What needs to be done:
Retype only what runs from the first line of the listing to the line holding "Radio Réveil progressif, réveil", both included. Do not retype the pictures.

Extracted records:
BEGIN
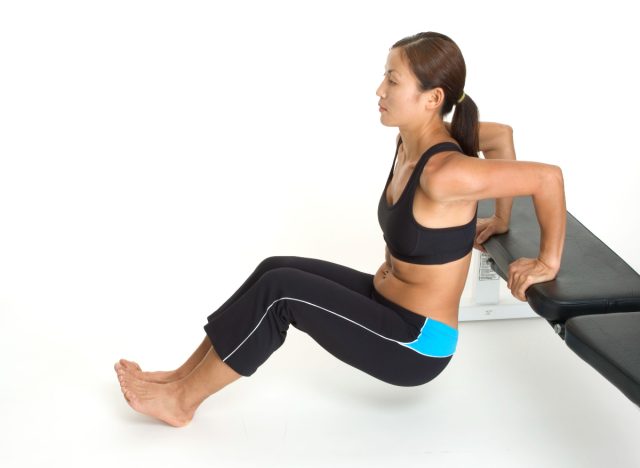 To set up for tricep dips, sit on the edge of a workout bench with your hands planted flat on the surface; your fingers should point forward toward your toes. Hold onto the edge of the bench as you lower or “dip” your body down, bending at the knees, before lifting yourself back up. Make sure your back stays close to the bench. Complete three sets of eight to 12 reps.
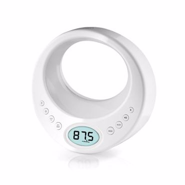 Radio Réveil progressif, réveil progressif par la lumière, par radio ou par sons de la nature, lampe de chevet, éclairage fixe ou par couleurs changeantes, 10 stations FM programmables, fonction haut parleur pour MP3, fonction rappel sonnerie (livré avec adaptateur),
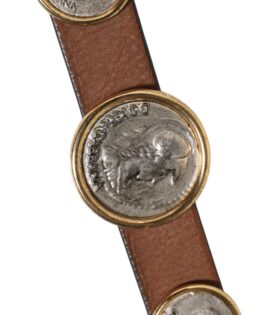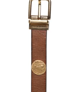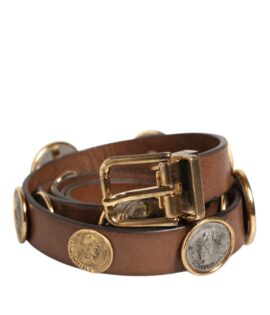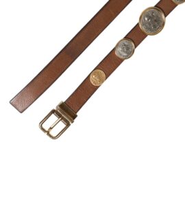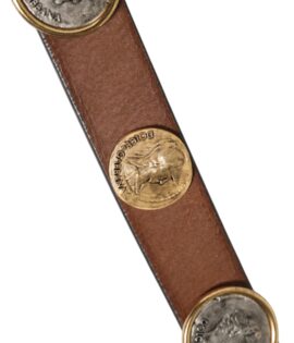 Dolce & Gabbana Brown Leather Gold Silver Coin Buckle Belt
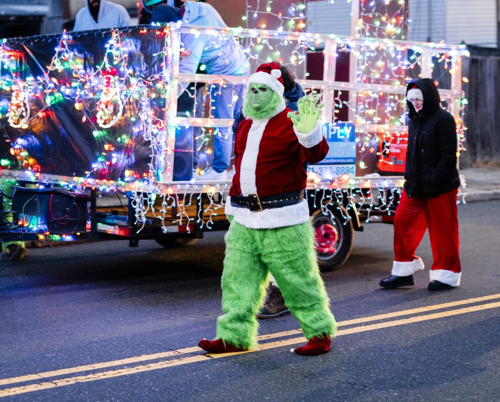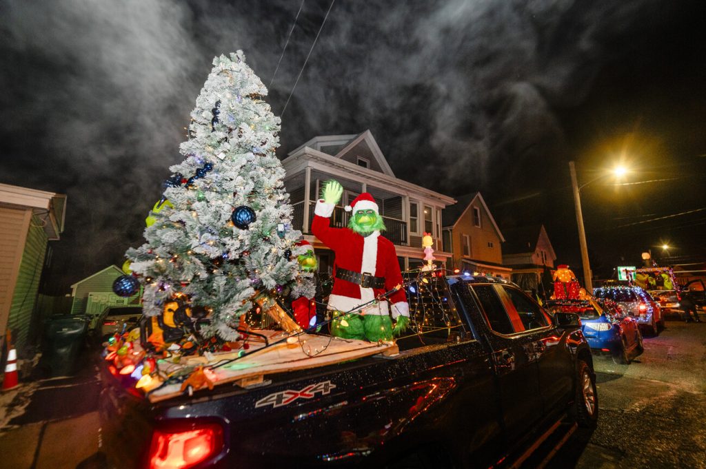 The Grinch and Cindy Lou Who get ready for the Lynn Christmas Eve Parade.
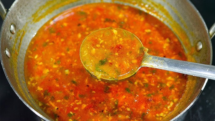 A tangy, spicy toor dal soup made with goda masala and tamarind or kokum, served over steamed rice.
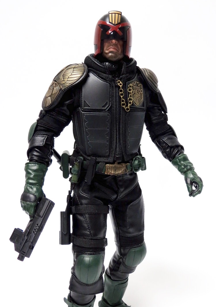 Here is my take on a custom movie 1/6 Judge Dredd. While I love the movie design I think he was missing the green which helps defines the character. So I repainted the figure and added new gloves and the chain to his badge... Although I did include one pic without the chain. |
END
Finished exercise:
 To set up for tricep dips, sit on the edge of a workout bench with your hands planted flat on the surface; your fingers should point forward toward your toes. Hold onto the edge of the bench as you lower or “dip” your body down, bending at the knees, before lifting yourself back up. Make sure your back stays close to the bench. Complete three sets of eight to 12 reps.
 Radio Réveil progressif, réveil progressif par la lumière, par radio ou par sons de la nature, lampe de chevet, éclairage fixe ou par couleurs changeantes, 10 stations FM programmables, fonction haut parleur pour MP3, fonction rappel sonnerie (livré avec adaptateur),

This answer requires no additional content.